*WORK INSTRUCTIONS*
Exactly as they appear below, repeat the lines from the one with "Β' Λυκείου στο Παρίσι" through the one with "9月20日、稚内港北防波堤ドームにて開催された「 日本海V5イカ釣り漁船のふりかえり 」に併せて、". Drop every picture.

*SUPPLIED RECORDS*
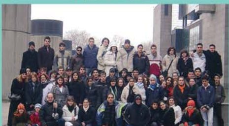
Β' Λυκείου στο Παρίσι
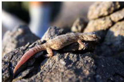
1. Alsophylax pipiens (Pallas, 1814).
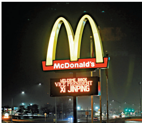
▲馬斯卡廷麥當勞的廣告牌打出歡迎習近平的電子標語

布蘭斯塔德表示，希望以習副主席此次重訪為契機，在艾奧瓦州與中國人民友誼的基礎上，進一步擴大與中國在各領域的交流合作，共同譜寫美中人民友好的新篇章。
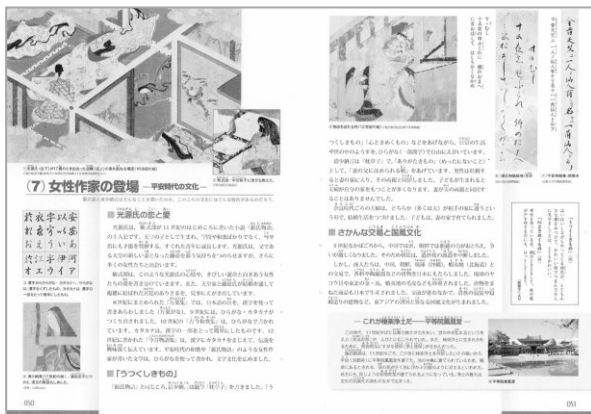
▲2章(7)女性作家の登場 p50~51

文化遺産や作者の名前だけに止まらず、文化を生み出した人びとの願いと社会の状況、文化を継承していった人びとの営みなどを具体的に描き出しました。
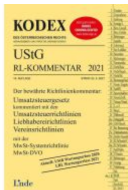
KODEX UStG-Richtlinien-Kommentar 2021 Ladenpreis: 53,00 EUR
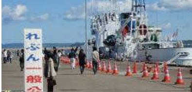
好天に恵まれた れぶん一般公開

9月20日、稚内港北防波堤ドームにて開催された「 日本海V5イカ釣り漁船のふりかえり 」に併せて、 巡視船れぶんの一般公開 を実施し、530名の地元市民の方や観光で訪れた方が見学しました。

...

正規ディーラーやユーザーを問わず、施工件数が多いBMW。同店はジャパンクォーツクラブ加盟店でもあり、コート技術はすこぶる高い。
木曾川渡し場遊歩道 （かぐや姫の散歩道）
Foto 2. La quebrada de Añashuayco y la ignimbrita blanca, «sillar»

*SOLUTION TO THE PROBLEM*
Β' Λυκείου στο Παρίσι
1. Alsophylax pipiens (Pallas, 1814).
▲馬斯卡廷麥當勞的廣告牌打出歡迎習近平的電子標語

布蘭斯塔德表示，希望以習副主席此次重訪為契機，在艾奧瓦州與中國人民友誼的基礎上，進一步擴大與中國在各領域的交流合作，共同譜寫美中人民友好的新篇章。
▲2章(7)女性作家の登場 p50~51

文化遺産や作者の名前だけに止まらず、文化を生み出した人びとの願いと社会の状況、文化を継承していった人びとの営みなどを具体的に描き出しました。
KODEX UStG-Richtlinien-Kommentar 2021 Ladenpreis: 53,00 EUR
好天に恵まれた れぶん一般公開

9月20日、稚内港北防波堤ドームにて開催された「 日本海V5イカ釣り漁船のふりかえり 」に併せて、 巡視船れぶんの一般公開 を実施し、530名の地元市民の方や観光で訪れた方が見学しました。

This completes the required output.